** TASK DETAILS **
Once the images are set aside, print the remaining lines below exactly.

** SOURCE MATERIAL **
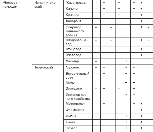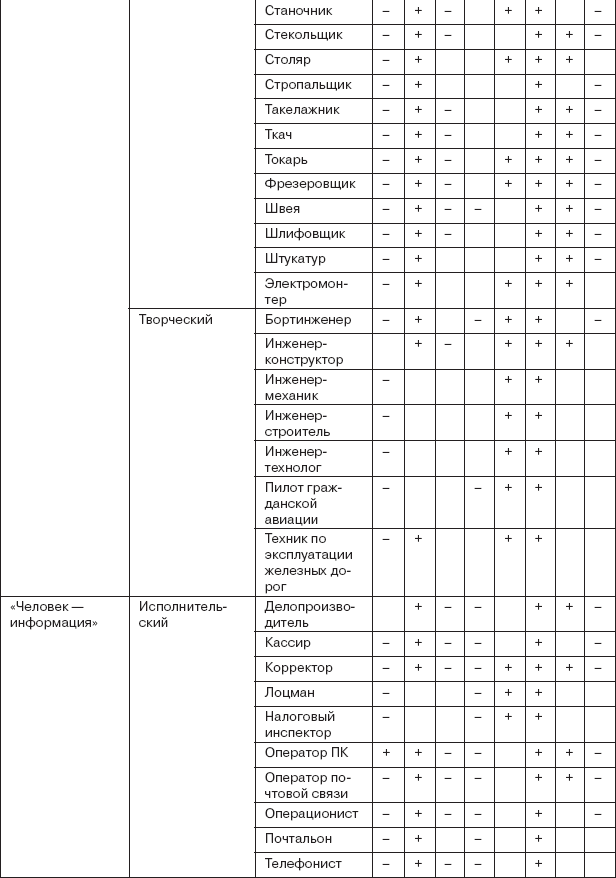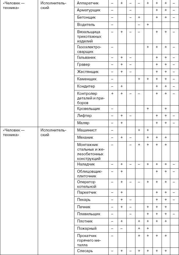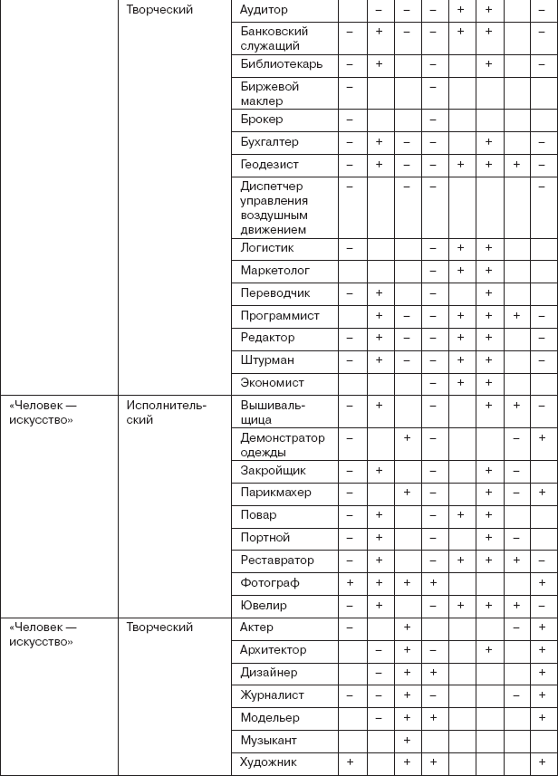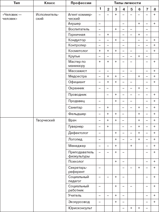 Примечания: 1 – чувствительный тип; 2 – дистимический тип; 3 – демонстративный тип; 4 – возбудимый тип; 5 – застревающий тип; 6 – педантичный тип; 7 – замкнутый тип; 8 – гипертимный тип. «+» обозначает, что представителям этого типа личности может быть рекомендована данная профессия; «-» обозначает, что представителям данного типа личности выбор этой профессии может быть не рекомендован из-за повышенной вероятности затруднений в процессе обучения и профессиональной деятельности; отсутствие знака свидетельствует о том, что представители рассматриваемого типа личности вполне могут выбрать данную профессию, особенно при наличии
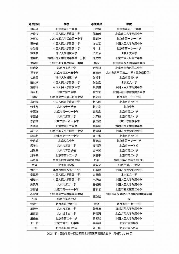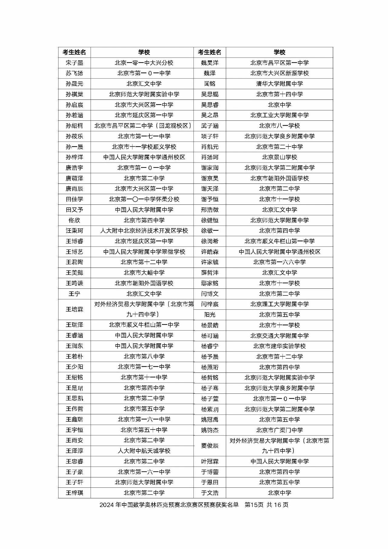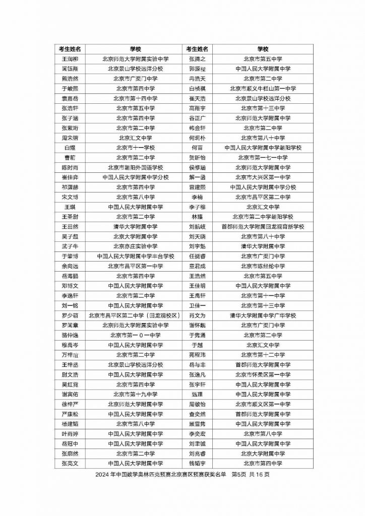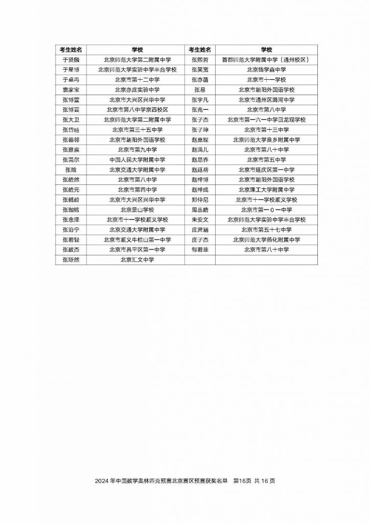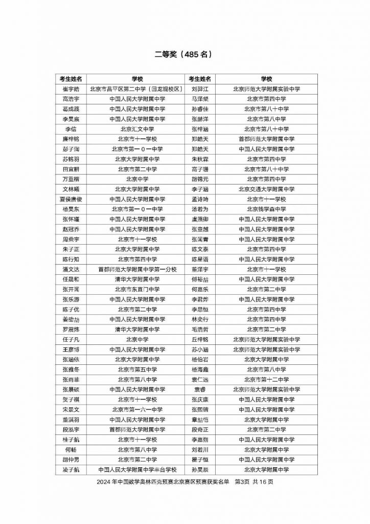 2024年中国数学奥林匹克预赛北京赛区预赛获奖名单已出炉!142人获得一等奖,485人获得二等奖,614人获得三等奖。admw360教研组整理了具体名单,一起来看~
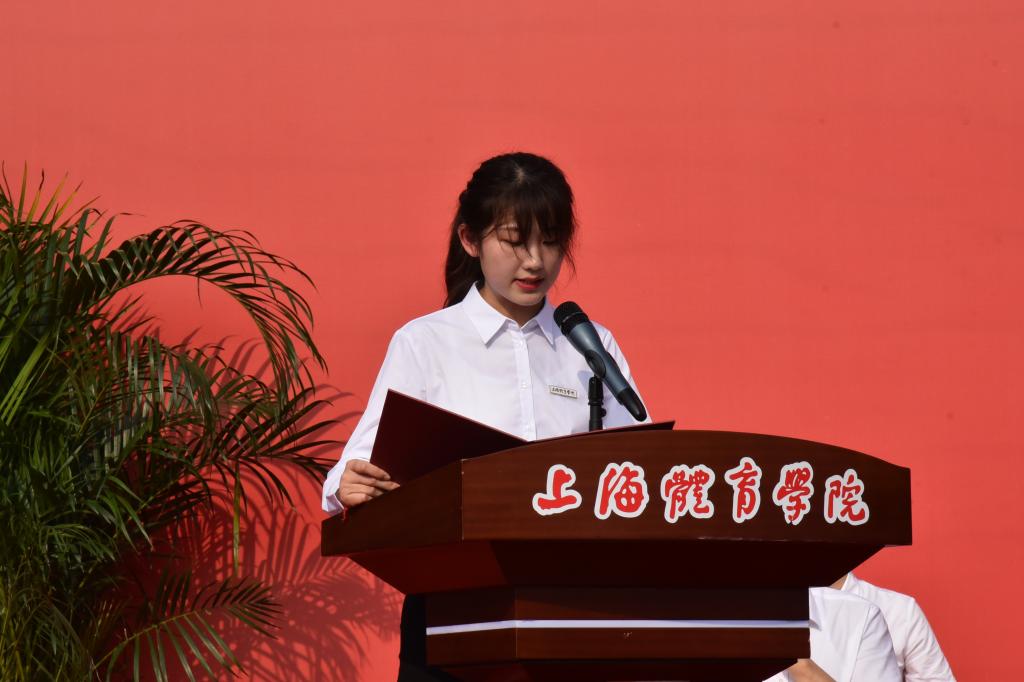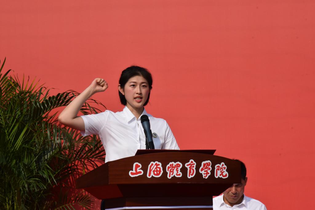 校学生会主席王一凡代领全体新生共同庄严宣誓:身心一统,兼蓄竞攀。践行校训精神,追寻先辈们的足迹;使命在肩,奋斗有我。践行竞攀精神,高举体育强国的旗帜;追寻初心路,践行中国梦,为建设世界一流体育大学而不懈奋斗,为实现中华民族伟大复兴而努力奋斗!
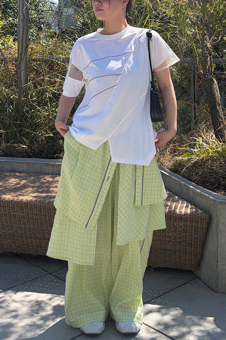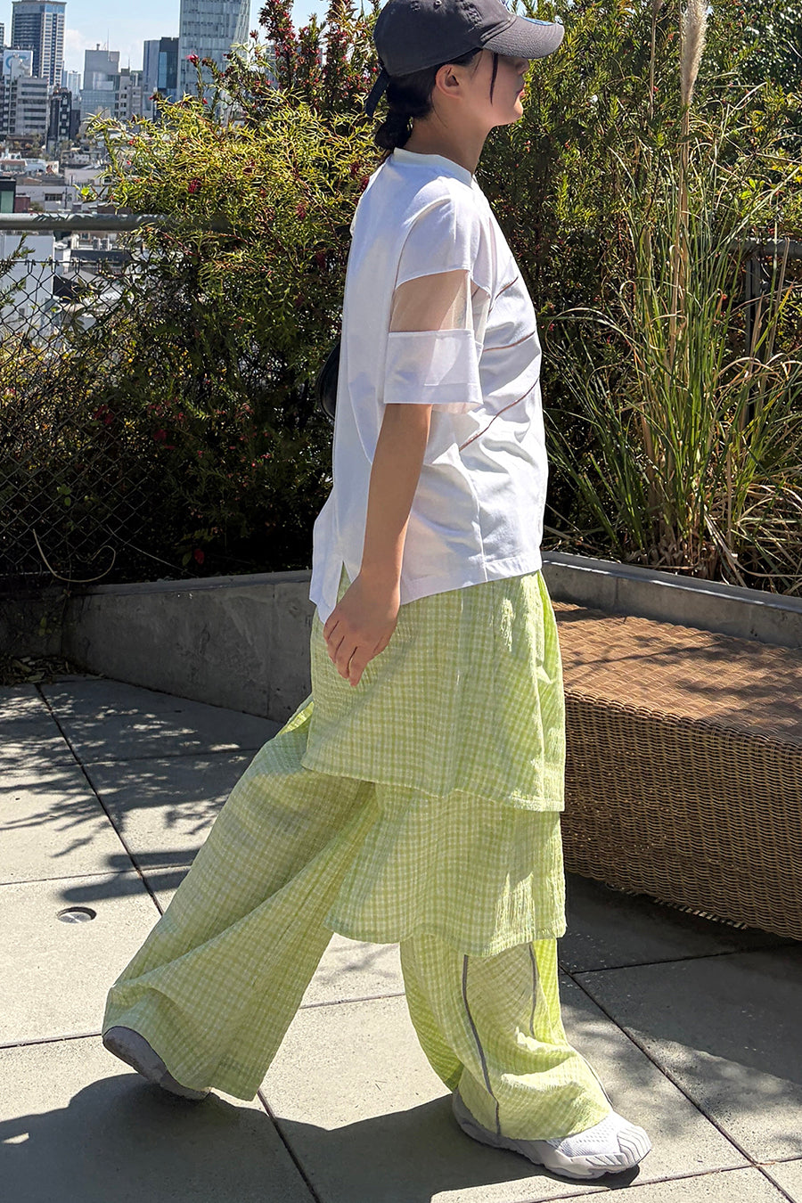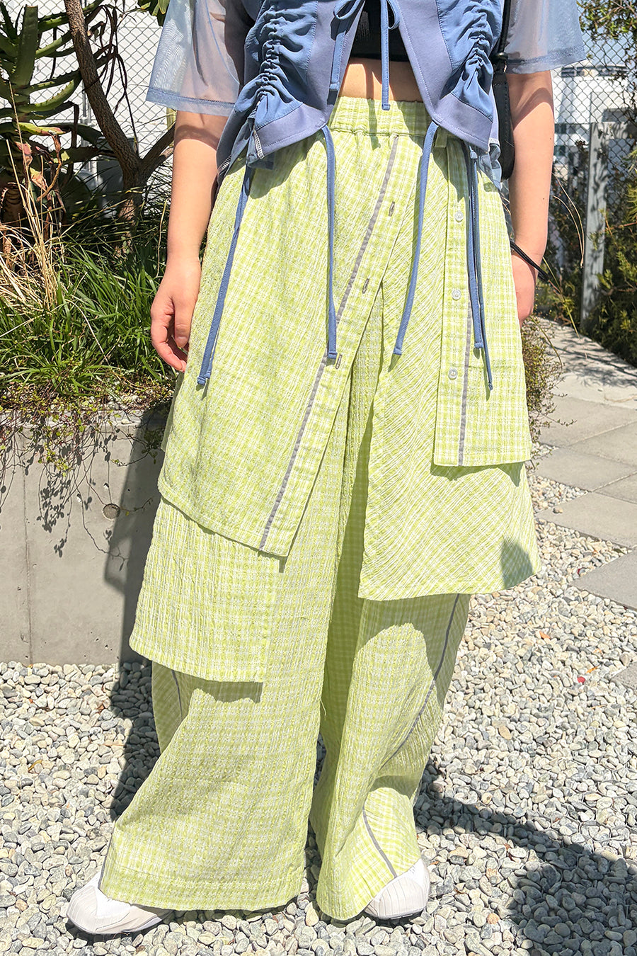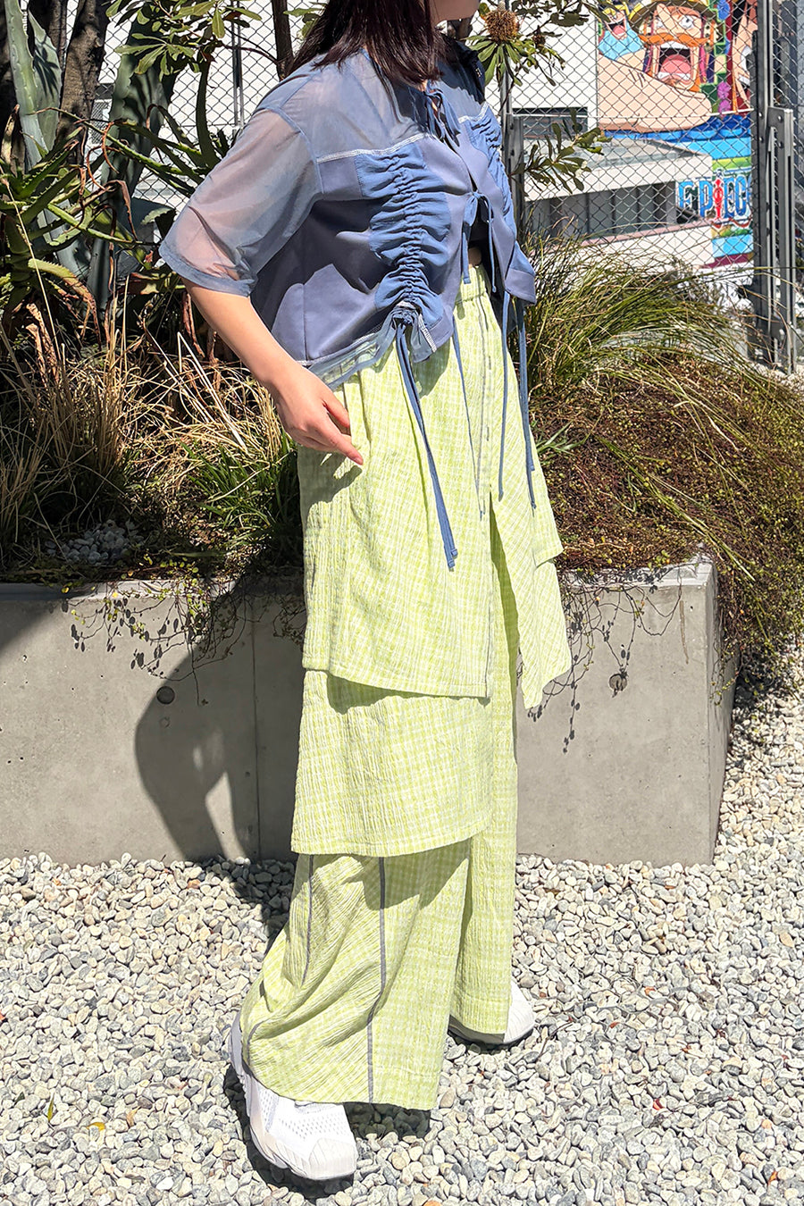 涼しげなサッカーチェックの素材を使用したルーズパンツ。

** WRITTEN RESPONSE **
 Примечания: 1 – чувствительный тип; 2 – дистимический тип; 3 – демонстративный тип; 4 – возбудимый тип; 5 – застревающий тип; 6 – педантичный тип; 7 – замкнутый тип; 8 – гипертимный тип. «+» обозначает, что представителям этого типа личности может быть рекомендована данная профессия; «-» обозначает, что представителям данного типа личности выбор этой профессии может быть не рекомендован из-за повышенной вероятности затруднений в процессе обучения и профессиональной деятельности; отсутствие знака свидетельствует о том, что представители рассматриваемого типа личности вполне могут выбрать данную профессию, особенно при наличии
 2024年中国数学奥林匹克预赛北京赛区预赛获奖名单已出炉!142人获得一等奖,485人获得二等奖,614人获得三等奖。admw360教研组整理了具体名单,一起来看~
 校学生会主席王一凡代领全体新生共同庄严宣誓:身心一统,兼蓄竞攀。践行校训精神,追寻先辈们的足迹;使命在肩,奋斗有我。践行竞攀精神,高举体育强国的旗帜;追寻初心路,践行中国梦,为建设世界一流体育大学而不懈奋斗,为实现中华民族伟大复兴而努力奋斗!
 涼しげなサッカーチェックの素材を使用したルーズパンツ。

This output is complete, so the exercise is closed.